I don't use Logic Pro X, I use Studio One Pro 5 on PC. So, I might install S1Pro 5 on this baby in the future to see how it behaves. S1Pro 5 I think is already Apple Silicon Compatible. So, it should run smoothly, and be super efficient, provided I stick to using Apple Silicon Supported plugins.


----------



## Cdnalsi (Jul 29, 2022)

muziksculp said:


> Thanks.
> 
> I don't use Logic Pro X, I use Studio One Pro 5 on PC. So, I might install S1Pro 5 on this baby in the future to see how it behaves. S1Pro 5 I think is already Apple Silicon Compatible. So, it should run smoothly, and be super efficient, provided I stick to using Apple Silicon Supported plugins.


Yeah it looks like the 5.4 update added native Apple Silicon support. Great!

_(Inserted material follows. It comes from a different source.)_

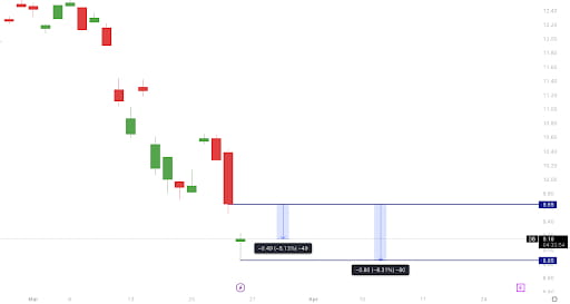 O preço das ações do banco caiu para uma mínima diária de cerca de ~$8,85, aproximadamente 8,31% em relação ao fechamento das negociações na quinta-feira. No momento da redação, a ação viu algum alívio, voltando para cerca de $9. À primeira vista, pode não parecer tão ruim, 5-8% de queda, mas isso não é uma altcoin; é um dos maiores bancos da Europa, mas atualmente está sendo negociado como se fosse uma altcoin. Milhões de pessoas têm seus fundos em jogo apenas neste banco, além do efeito que qualquer sentimento negativo pode ter sobre outros bancos europeus. Desde o final de janeiro, $DB caiu mais de 30%, o que demonstra que isso não é um acontecimento de um dia; isso vem se acumulando há um tempo.
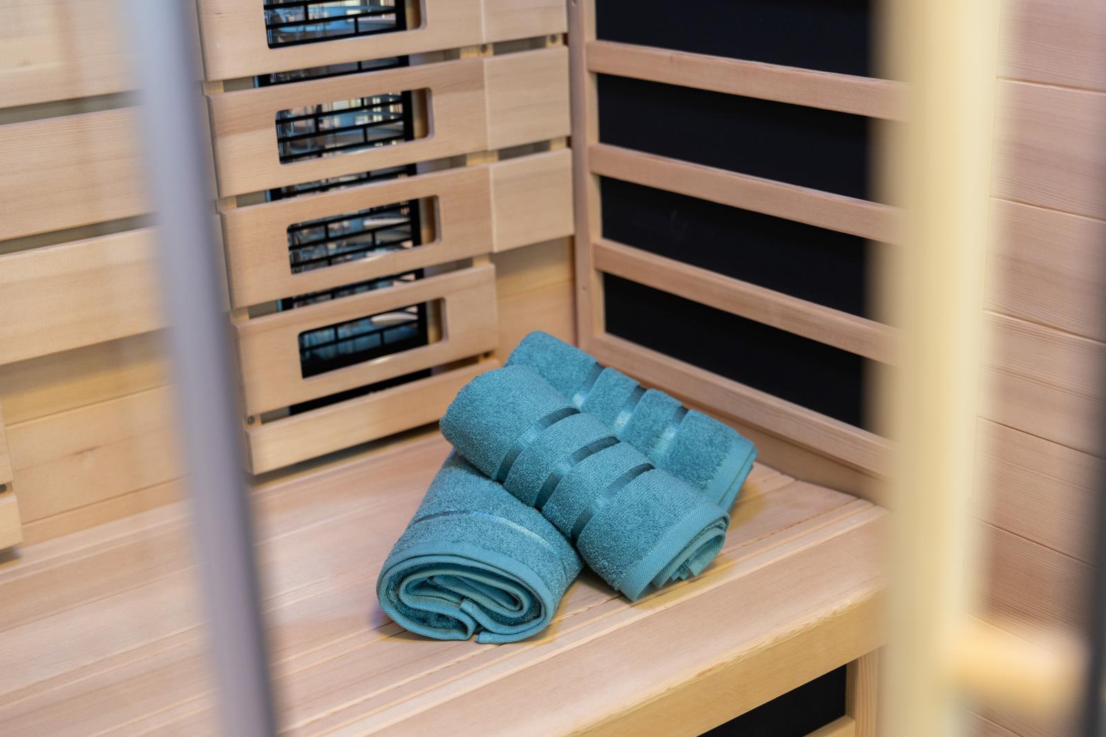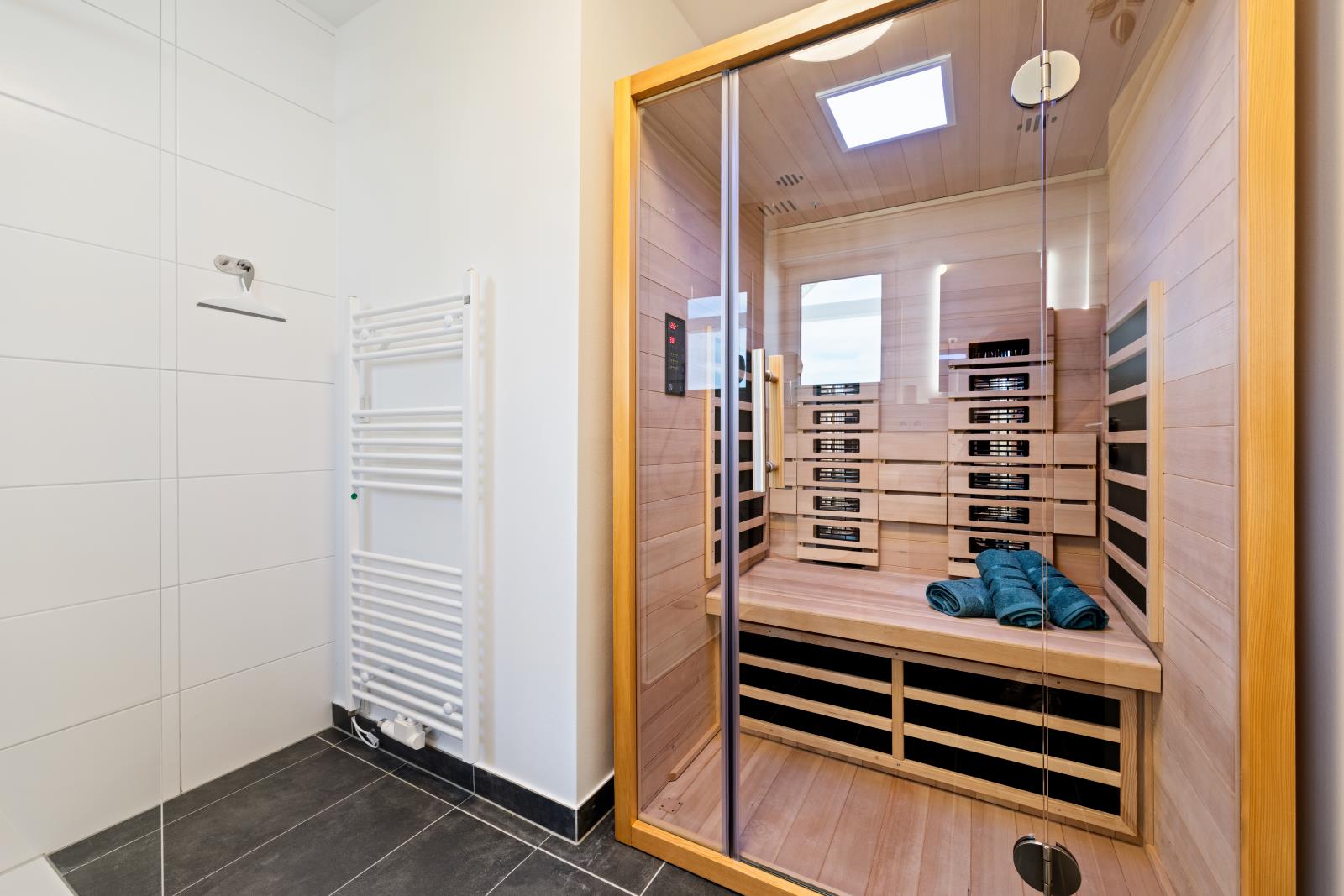 Eine Infrarot-Sauna mit LED-Farblichttherapie und Soundsystem sorgen für wohltuende Wellnessmomente – ideal nach einem langen Spaziergang am Strand oder einem aktiven Tag an der frischen Ostseeluft.

Do let us know your thoughts if you ever end up trying it out


----------



## rnb_2 (Jul 29, 2022)

muziksculp said:


> Finally !
> 
> My Mac Book Air M2, 24 GB RAM, 2TB SSD, Midnight Color Arrived today 😎👍
> 
> ...


Congratulations - it's a beauty! If I hadn't bought a 14" M1 Pro MBP in March, that's exactly the config I would have just purchased myself. Is there a blue light involved in that photo? I was under the impression that it wouldn't look *that* blue, more like a very dark gray that has a bluish tint in certain light.

In any case, enjoy it!


----------



## muziksculp (Jul 29, 2022)

rnb_2 said:


> Congratulations - it's a beauty! If I hadn't bought a 14" M1 Pro MBP in March, that's exactly the config I would have just purchased myself. Is there a blue light involved in that photo? I was under the impression that it wouldn't look *that* blue, more like a very dark gray that has a bluish tint in certain light.
> 
> In any case, enjoy it!


Yes, I have some blue ambient LED lights on but far from it, I'm not sure they are what's making it look more blue than it really is in the pic. I will take another photo without the blue LED lights on, to see how it shows up. Maybe post it here so you get a better idea of how it looks without any color lights.


----------



## muziksculp (Jul 29, 2022)

@rnb_2 ,

I took another pic without any blue lights, and it still looks quite blue in the pic. but looking directly at it it appears much darker, not sure why. It seems the iPhone lens is causing this. Actually it looks much darker blue, kind of a charcoal-blue, less blueish like the pic, when I'm looking at it.


----------



## muziksculp (Jul 29, 2022)

@rnb_2 ,

OK, the blueish color of the pic was caused by the reflection from my studio window of the blue sky. Not the LED lights. I turned the laptop around a bit, so it won't reflect the light from the window, and here is how it looks, taken via my iPhone. As you can see, much more like a dark grey, with a hint of dark blue. I think the back cover has a unique reflective finish, that can make it appear a bit different color wise depending on what it is reflecting.


----------



## PeterN (Aug 30, 2022)

I have a target to buy the 14" M2 Pro MBP in December. Assuming it is out. So, Im checking that's around a 100 days more or less. And, wondering is there is a global conflict, or complete market crash, before that, which will devastate this plan.

We should be able to make it 100 days still? My guts tell me I must get it before around February 2023, after that its all sliding into "red light" (the twilight zone).


----------



## rnb_2 (Aug 30, 2022)

PeterN said:


> I have a target to buy the 14" M2 Pro MBP in December. Assuming it is out. So, Im checking that's around a 100 days more or less. And, wondering is there is a global conflict, or complete market crash, before that, which will devastate this plan.
> 
> We should be able to make it 100 days still? My guts tell me I must get it before around February 2023, after that its all sliding into "red light" (the twilight zone).


If you're that concerned about the state of things 100 days out, just buy an M1 Pro/Max MBP now - the M1 Pro/Max is already faster than *all but* the 16+ core iMac/Mac Pros.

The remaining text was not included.